Setting up a crawler for Amazon S3 event notifications using the console (Data Catalog target)

When you have a catalog target, set up a crawler for Amazon S3 event notifications using the AWS Glue console:

  1. Set your crawler properties. For more information, see Setting Crawler Configuration Options on the AWS Glue console .

  2. In the section Data source configuration, you are asked Is your data already mapped to AWS Glue tables?

    Select Yes to select existing tables from your Data Catalog as your data source.

  3. In the section Glue tables, choose Add tables.

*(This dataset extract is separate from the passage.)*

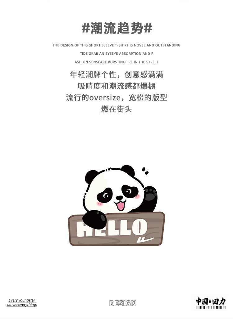 商品名称:【220克重磅】t恤短袖男青少年国潮熊猫针织上衣宽松纯棉体恤 277139

    Data source configuration interface with options to select existing Glue tables or add new ones.
  4. In the Add table modal, configure the database and tables:

    • Network connection (Optional): Choose Add new connection.

    • Database: Select a database in the Data Catalog.

    • Tables: Select one or more tables from that database in the Data Catalog.

    • Subsequent crawler runs: Choose Crawl based on events to use Amazon S3 event notifications for your crawler.

    • Include SQS ARN: Specify the data store parameters including the a valid SQS ARN. (For example, arn:aws:sqs:region:account:sqs).

    • Include dead-letter SQS ARN (Optional): Specify a valid Amazon dead-letter SQS ARN. (For example, arn:aws:sqs:region:account:deadLetterQueue).

    • Choose Confirm.

    Add Glue tables dialog with network, database, tables, and crawler options.